Try spending a day or more matching a large batch!
It can drive you batty...
I use a curve tracer on my stuff. Mostly because I have it and it does show up any unexpected non-linearities and bad devices (low breakdown voltage for example). It also permits you to choose a device based upon higher breakdown voltage, which in this design could be a plus depending on the B+ voltage you end up with...
_-_-bear
Do you mean between two channels??
If so, I would likely opt for a decent match between the two channels if the choice was between that and "perfect matches" IN a channel but rather different between channels.
The reason is that the values that end up being used for the biasing will be closer between channels - which at least on paper means that the characteristics of the two channels will be closer.
You have a couple of good candidates in your spreadsheet shown...
Of course, this is really getting "fine" and the amps will work ok and probably not sound audibly different using even random Jfets, although maybe NP or others have other experiences with this amp...

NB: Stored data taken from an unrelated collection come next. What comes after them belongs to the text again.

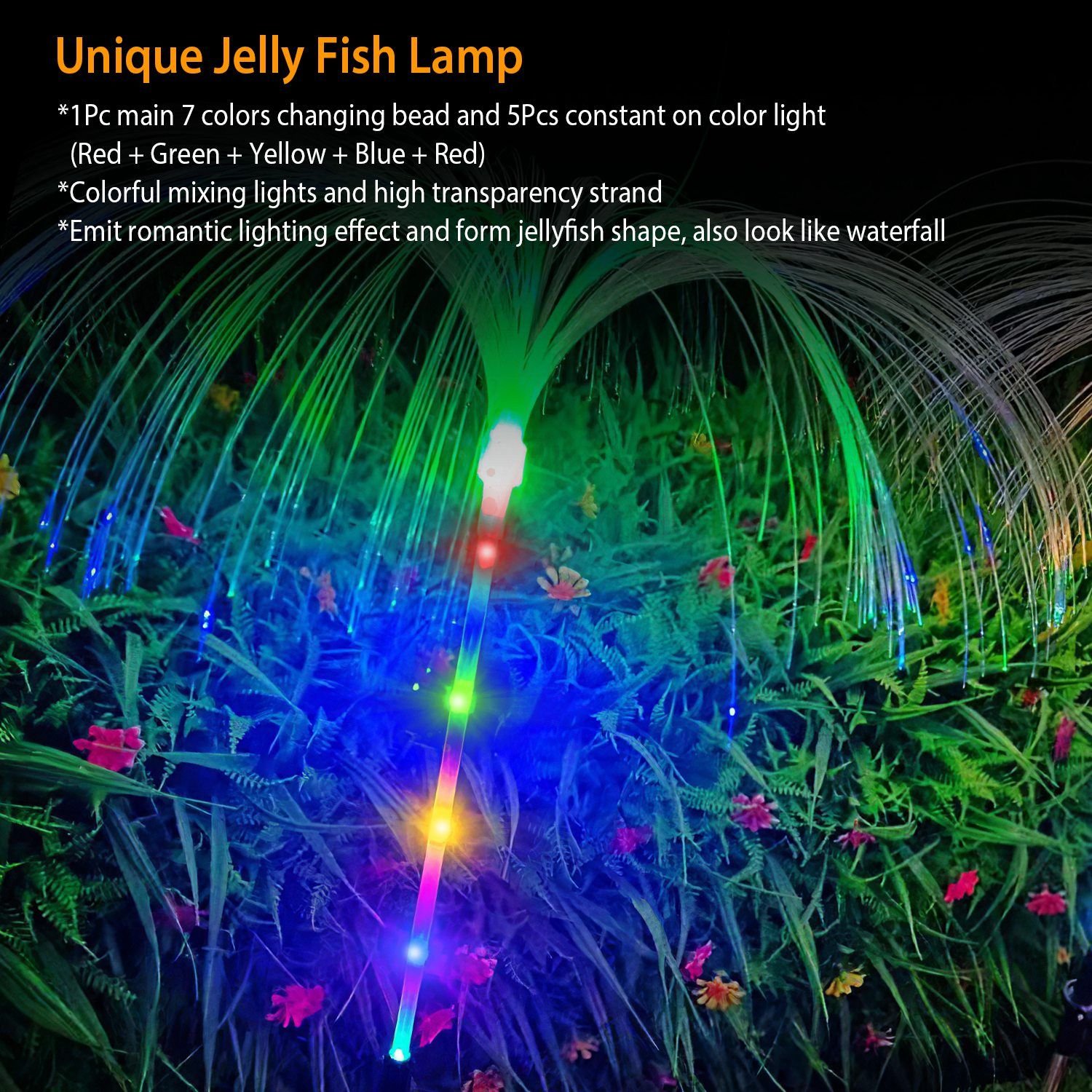 *Unique Jellyfish Lamp*:Inbuilt with 1Pc main 7 colors changing bead and 5Pcs constant on color light(Red+Green+Yellow+Blue+Red); with the colorful mixing lights and high transparency strand; emit romantic lighting effect and form jellyfish shape; also look like waterfall; very beautiful and eye catching at night.
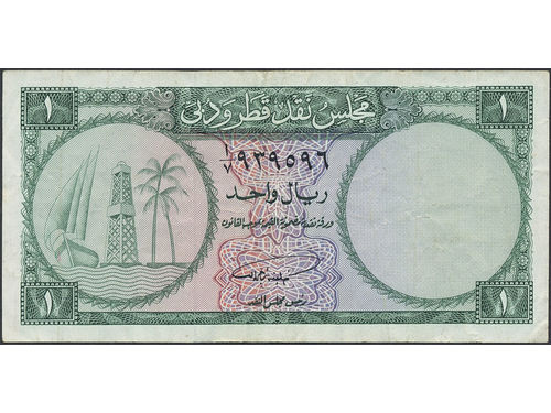 Banknotes, Qatar, Dubai. Pick 1, 1 riyal ND. 1960s. F. Banknotes, Qatar, Dubai. Pick 1, 1 riyal ND. 1960s. F. Visa mindre
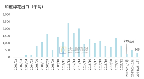 印度新棉上市量。据印度CAI统计,截至2025年1月21日,印度新棉累计上市量达到263万吨,比去年同期增加8.8万吨,目前新棉每日上市量在0.8~3万吨,新棉日上市量有所减少。印度棉花公司统计印度新棉上市量已超过1600万包(272万吨),由于印度多地举办丰收节庆祝活动,每日到货量有所下降。
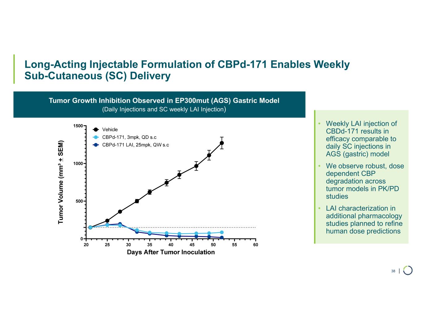 | Long-Acting Injectable Formulation of CBPd-171 Enables Weekly Sub-Cutaneous (SC) Delivery 38 Tumor Growth Inhibition Observed in EP300mut (AGS) Gastric Model (Daily Injections and SC weekly LAI Injection) • Weekly LAI injection of CBDd-171 results in efficacy comparable to daily SC injections in AGS (gastric) model • We observe robust, dose dependent CBP degradation across tumor models in PK/PD studies • LAI characterization in additional pharmacology studies planned to refine human dose predictions T u m o r V o lu m e (m m ³ + S E M )
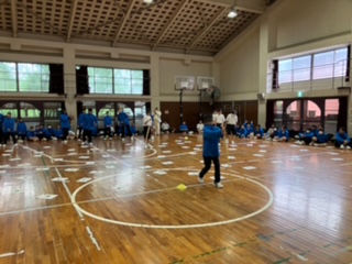 最終種目はマインフィールドでした。目隠しをした人と指示役に分かれ、目隠しをした人を誘導します。その時、マインフィールドと書かれた紙を踏んだら失格になります。一番早くゴールに着くと点数アップがあります。

Try spending a day or more matching a large batch!
It can drive you batty...
I use a curve tracer on my stuff. Mostly because I have it and it does show up any unexpected non-linearities and bad devices (low breakdown voltage for example). It also permits you to choose a device based upon higher breakdown voltage, which in this design could be a plus depending on the B+ voltage you end up with...
_-_-bear
Thanh or Patrick:
I would like to try 2sk246/2sj103. Would you tell me your secret ?? How to get them work properly in the F5.

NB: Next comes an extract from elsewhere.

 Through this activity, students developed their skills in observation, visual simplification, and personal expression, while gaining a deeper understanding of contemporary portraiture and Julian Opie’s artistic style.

Or would any one answer please ?
Thanks.
First off, the cascode jfets need to have idss slightly greater than k170/j74.
So you need "bl" grade parts not "gr". These are not easy to find.
Now from memory you may need to increase the source and feedback resistors by a factor of 5 (or it might be 10). This may not be the optimum working point for this amp, but it aint bad either. That is about it.

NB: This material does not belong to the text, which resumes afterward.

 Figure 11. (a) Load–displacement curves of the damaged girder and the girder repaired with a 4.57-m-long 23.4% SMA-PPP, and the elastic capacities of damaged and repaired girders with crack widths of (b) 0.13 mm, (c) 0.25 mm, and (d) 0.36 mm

Using bipolar transistors will work just as well, cviller allready has some pcbs available.
Thanh:
Thank you for your reply. I have 3 pairs of 2sk246/2sj103 and they are BL grade (not matched though). When you said .. increase the "source" and "feedback" resistors by a factor of 5, do you mean increasing R1 & R2 from 10ohm to 50ohm and R5/R7 & R6/R8 from 50ohm to 250ohm ?? Thanks.
Thank you for your reply. I have 3 pairs of 2sk246/2sj103 and they are BL grade (not matched though). When you said .. increase the "source" and "feedback" resistors by a factor of 5, do you mean increasing R1 & R2 from 10ohm to 50ohm and R5/R7 & R6/R8 from 50ohm to 250ohm ?? Thanks.
Yes, that is right. I think it might even be as high 100R source, and 500 feedback. I have to go over my old schematics which are on a different computer.
The cascode devices don't need to be matched but the idss needs to be higher (eg 1mA higher) than k170/j74.
So if k170/j74 have idss of 9mA then you want cascodes with idss of 10mA (even 9.5mA maybe good enough).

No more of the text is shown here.